Question 9: Which of the following processes primarily utilizes lactate produced anaerobically?

A. Cori cycle (Correct Answer)
B. Gluconeogenesis
C. TCA cycle
D. Glycolysis

Explanation: ***Cori cycle*** - The **Cori cycle** (lactic acid cycle) involves the transport of **lactate** produced during anaerobic metabolism in muscles to the liver. - In the **liver**, this lactate is then converted back to **glucose** via gluconeogenesis, which can be returned to the muscles. *Gluconeogenesis* - **Gluconeogenesis** is the synthesis of glucose from non-carbohydrate precursors, one of which is lactate. - While it uses lactate, it is only one component of the broader **Cori cycle**, which describes the inter-organ cooperation. *Glycolysis* - **Glycolysis** is the metabolic pathway that breaks down glucose into pyruvate, which can then be converted to lactate under anaerobic conditions. - This process *produces* lactate but does not *utilize* it, acting upstream of lactate production. *TCA cycle* - The **TCA cycle** (Krebs cycle) is a central part of aerobic respiration that oxidizes acetyl-CoA to produce ATP, NADH, and FADH2. - It does not directly utilize lactate; instead, lactate is typically converted to pyruvate before potentially entering the TCA cycle under aerobic conditions.

Question 10: Which of the following is not a substrate for gluconeogenesis?

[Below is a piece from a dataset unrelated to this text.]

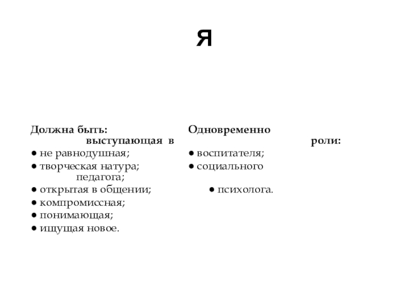 Я   Должна быть: Одновременно выступающая в роли:● не равнодушная; ● воспитателя;● творческая натура; ● социального педагога;● открытая в общении; ● психолога. ● компромиссная; ● понимающая; ● ищущая новое.
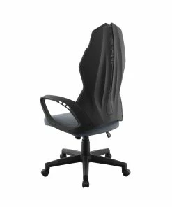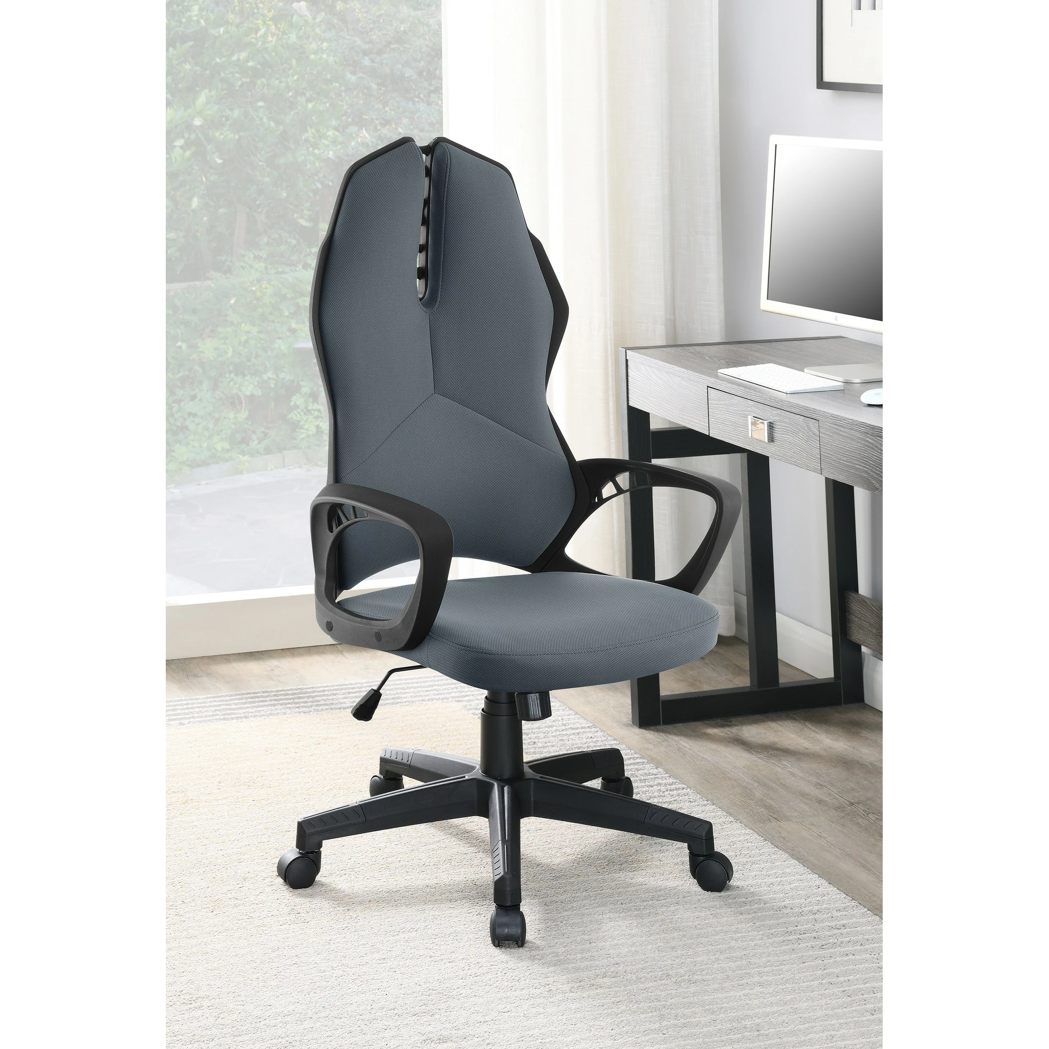 Ultra-modern with a dark grey fabric, this contemporary office chair features a unique backrest design. With a plushly padded backrest and seat, this office chair invites you to work in complete comfort. Its tall backrest also features a prong-like angular shape that conforms to your spine and hips, offering an ergonomic design. With black trim on the slim open arms and mobile wheeled base, this office chair projects a two-tone look that works with existing home office colors and decor styles. Conveniently roll around the office to retrieve paperwork or scoot it beneath the desk.

A. Leucine (Correct Answer)
B. Lactate
C. Propionate
D. Glycerol

Explanation: ***Leucine*** - **Leucine** is an exclusively **ketogenic amino acid**, meaning its breakdown products can only be converted into **ketone bodies** or fatty acids, not glucose. - It does not have a carbon skeleton that can be directly converted into **pyruvate** or **oxaloacetate**, which are key intermediates in gluconeogenesis. *Lactate* - **Lactate** is a major substrate for gluconeogenesis, particularly during exercise or fasting. - It is converted to **pyruvate** by **lactate dehydrogenase**, and pyruvate can then enter the gluconeogenic pathway. *Propionate* - **Propionate** is a fatty acid with an odd number of carbon atoms, primarily derived from the catabolism of odd-chain fatty acids or from bacterial fermentation in the colon. - It can be converted into **succinyl CoA**, an intermediate of the citric acid cycle, which can then be used for gluconeogenesis. *Glycerol* - **Glycerol**, released during the breakdown of triglycerides, is an important substrate for gluconeogenesis. - It is phosphorylated to **glycerol-3-phosphate**, which is then oxidized to **dihydroxyacetone phosphate (DHAP)**, an intermediate in glycolysis and gluconeogenesis.